The road into West Memphis coaxes an outpouring of self-love and forgiveness; Ruby Falls, in Tennessee, and her father’s hometown of St. Cloud, Florida, host her musings on time and mortality. Such winding pathways—and the lived-in, roots-rock hybrid Crutchfield deploys while tracing them—will feel familiar to fans of Lucinda Williams. Crutchfield is a devout fan herself, who praised the country icon’s authenticity and boldness in a 2018 essay written for the 20th anniversary of Car Wheels on a Gravel Road. Across Saint Cloud, Crutchfield sings in the spirit of Williams’s female characters—sharp, independent, insatiable, ready to pack up the car in pursuit of something better. Each stopover on her journey pulses with the potential for change.

Like Williams, Crutchfield presents herself here as a woman well acquainted with struggle. A passing glance at Saint Cloud’s track list reveals signs of turmoil: “Fire,” “Hell,” “War.” Crutchfield wrote the album shortly after deciding to get sober, and while explicit references to drinking or addiction are absent, its rich imagery often darts between destruction and beauty, weakness and regeneration, covering the distance from recovery’s beginning to end each time it shifts. Cut flowers live, die, and get replaced on “Lilacs,” a full-throated self-affirmation in which Crutchfield slips into jagged, Dylanesque cadences. On “Ruby Falls,” she sings eloquently about the fluctuations of love: “It breaks your neck / It builds you a delicate shrine.”
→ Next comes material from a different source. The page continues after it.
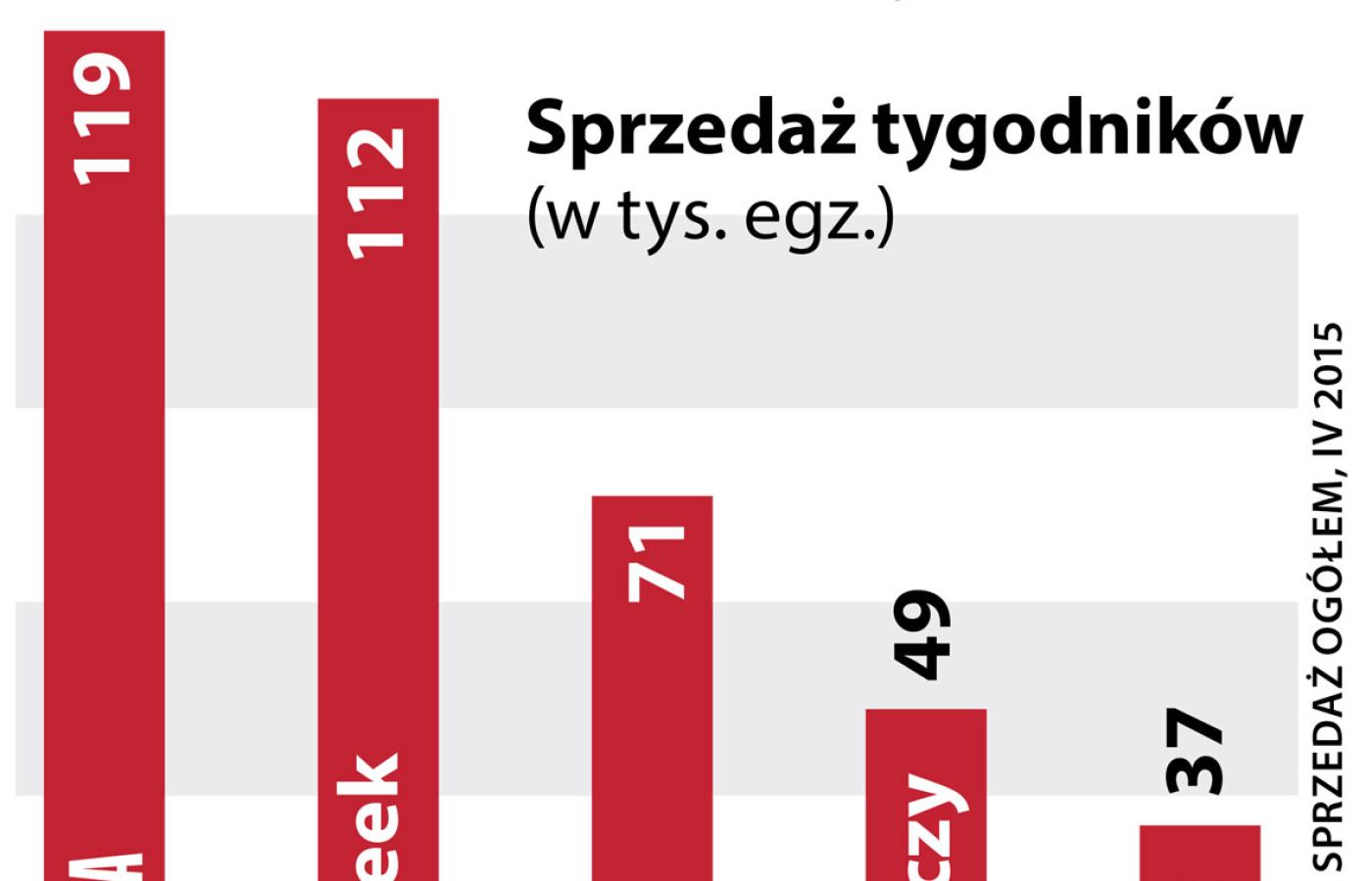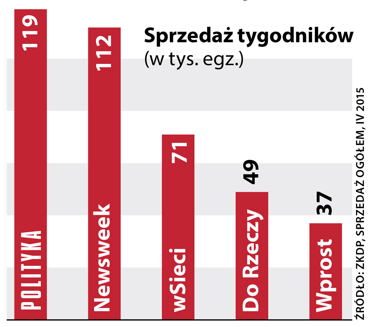 Plasujący się na drugim miejscu zestawienia ZKDP „Newsweek” sprzedawał średnio 112 tys. egz. – czyli o 22 proc. mniej niż w kwietniu 2014 r. Natomiast średnia sprzedaż tygodnika „wSieci” – trzecie miejsce w zestawieniu – wynosiła w tym czasie 71 tys. egz. i była o 12,7 proc. niższa niż rok wcześniej. Pozostałe tytuły, czyli „Do Rzeczy” oraz „Wprost”, sprzedawały odpowiednio: 49 tys. egz. (spadek o 19,5 proc.) i 37 tys. egz. (spadek o 28,5 proc.).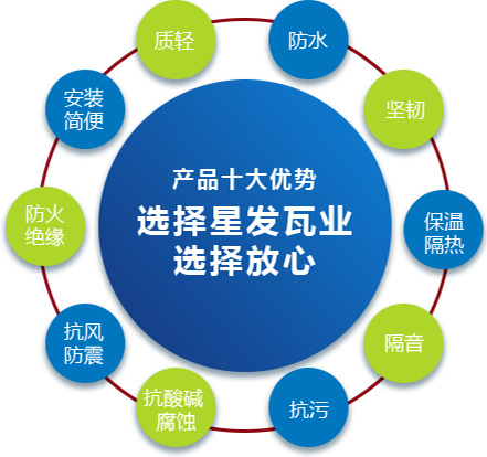 公司主要產(chǎn)品有《星發(fā)牌》合成樹脂瓦、APVC防腐耐候復合瓦、APVC發(fā)泡隔熱瓦、PVC半透明瓦、PVC防腐隔熱瓦、PVC防腐瓦、PVC防腐平板、PVC條紋板和ASA/PVC超耐候復合瓦等產(chǎn)品。產(chǎn)品一經(jīng)推出,已被廣泛應用于國內(nèi)各類平改坡項目和大型工業(yè)項目,遠銷歐洲、亞洲、美洲和非洲等國外市場,還獲選為廣州亞運會、深圳大運會、四川災后重建等工程項目的應用產(chǎn)品。公司在不斷創(chuàng)新和改革的基礎(chǔ)上,力求以更好的產(chǎn)品、優(yōu)良的服務(wù),用心、專心服務(wù)好每一個客戶。

The album’s backstory also offers context for its dramatic sonic leap away from her previous work. Crutchfield cut her teeth on the punk circuit, and while her Waxahatchee recordings have been rendered in incrementally higher fidelity, their ragged edges remain. But in times of change or distress, we often reach for the comfort of home. In Birmingham, Crutchfield grew up on country music—“classic stuff like Tammy Wynette and Loretta Lynn”—and she’s called it her first musical love. Saint Cloud moderates her pace and cleans up her fuzzy-rock-guitar tone, turning instead to those familiar sounds. Earthy and leisurely, this is as close to a country record as any she has made.
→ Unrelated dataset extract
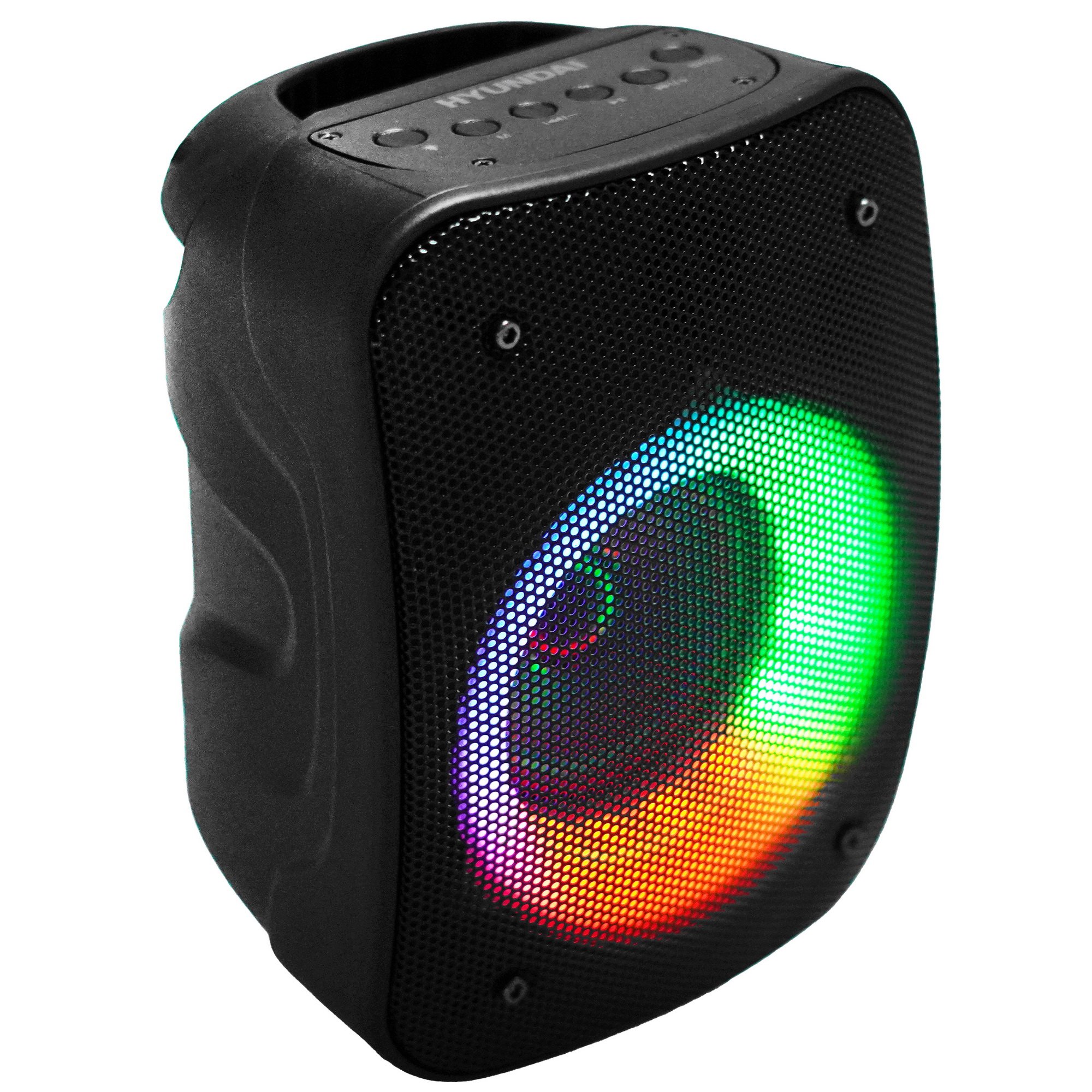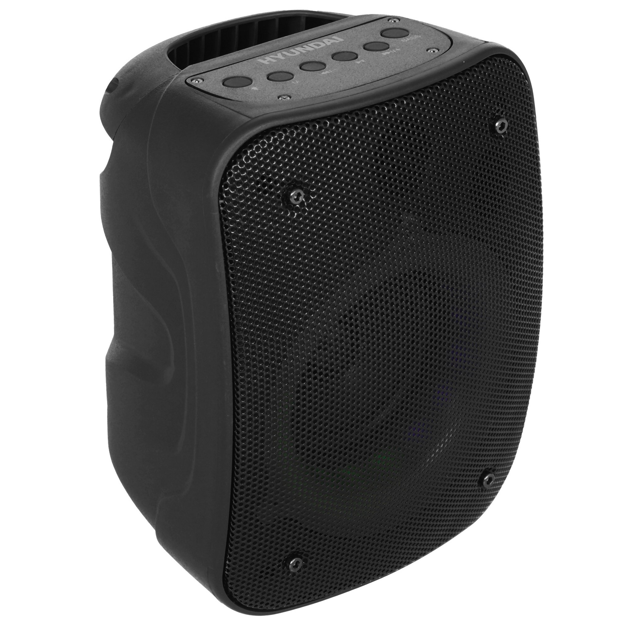 Портативная колонка Hyundai H-PS1005 в корпусе высотой 229 мм обеспечивает четкий звук с глубоким басом благодаря динамику мощностью 20 Вт. Подключение к разным устройствам звукового сигнала возможно с помощью технологии Bluetooth, считывателя карты памяти MicroSD, входа AUX, порта USB, FM-радио. Для караоке есть микрофонный вход 6.35 мм.
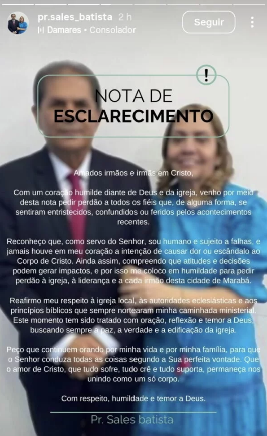 O episódio já havia provocado grande repercussão no ano de 2025, quando Sales Batista quebrou o silêncio e se manifestou publicamente depois de ser afastado da presidência da Assembleia de Deus Missão em Marabá e da vice-presidência da Convenção Estadual das Assembleias de Deus no Pará (Comieadepa).

Crutchfield has previously expressed reluctance to aestheticize her roots, telling Glamour in 2013 that “I feel like people romanticize the South a little for art.” She added a qualification: “But that’s just my story.” On Saint Cloud, Crutchfield is readily surfacing less-explored facets of her story. Another of these is the very condition of being an artist, which “The Eye” takes as its subject: “I will chase all the rain, put it down / Call it paint / …It’s a heavy weight,” she sings. In her telling, possession of the artist’s eye—or ear, really—is a burden but also a badge of honor. She’s considered this duality before, in her essay on Car Wheels. “Making something out of thin air that others will take in and connect with is like having a magical power,” she wrote. “Being consumed by the vision, the calling of the eye, is sometimes the flip-side.”
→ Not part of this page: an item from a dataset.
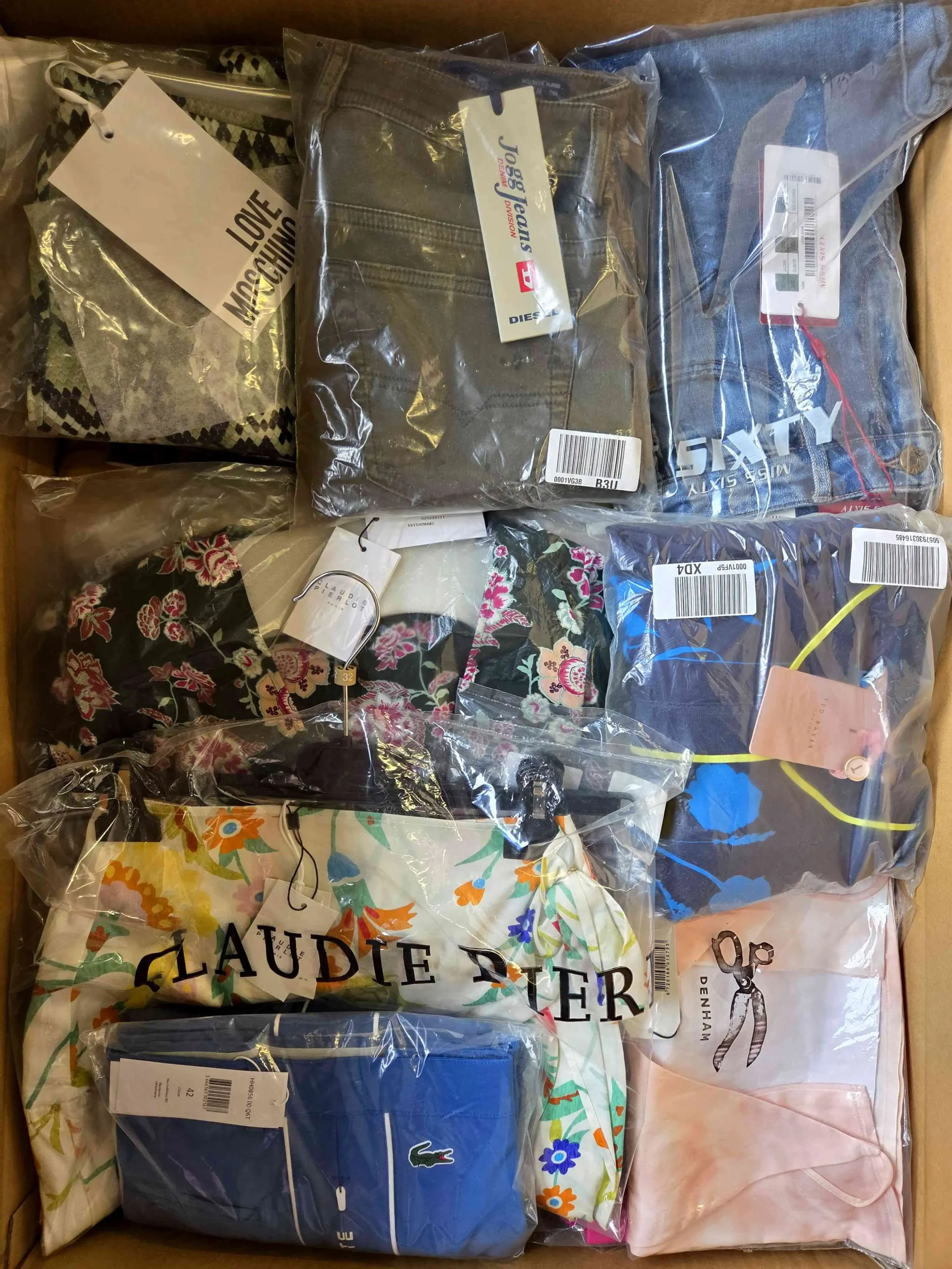 Pakiet odzieży zawierający mix marek w kategorii jakościowej A. Ok. 100% pakietu z metką papierową, a 30-35% to najbardziej rozpoznawalne marki. Pokazana wierzchnia warstwa jest zawartością tego pakietu oraz przedstawia najlepsze marki.

The urge to make art may be an all-consuming blaze, but what a thrill to spot a twin flame in someone else. On “Witches,” Crutchfield calls out a few of her creative kin by name: Allison, her sister and longtime collaborator, is one. “Marlee” refers to Marlee Grace, the dancer and writer who appears in the jubilant video for “Lilacs.” And there’s one last name on the list—Lindsey. Contextual clues suggest that this is Lindsey Jordan, the 20-year-old singer, songwriter, and guitarist who performs as Snail Mail. She and Crutchfield have toured together and share a knack for lyrical self-excavation. “Lindsey’s giving me a little faith about what tomorrow might bring,” Crutchfield sings here.

As much as Saint Cloud, a musical homecoming of sorts, is anchored by Crutchfield’s past, it’s also buoyed by the future—the promise of sobriety, self-acceptance, and songs yet to be written. Jordan appears, ever so briefly, as a beacon of creative potential, a reminder that there is comfort to be found in where we’re going as well as where we’ve come from. And for the present, Crutchfield is her own capable navigator.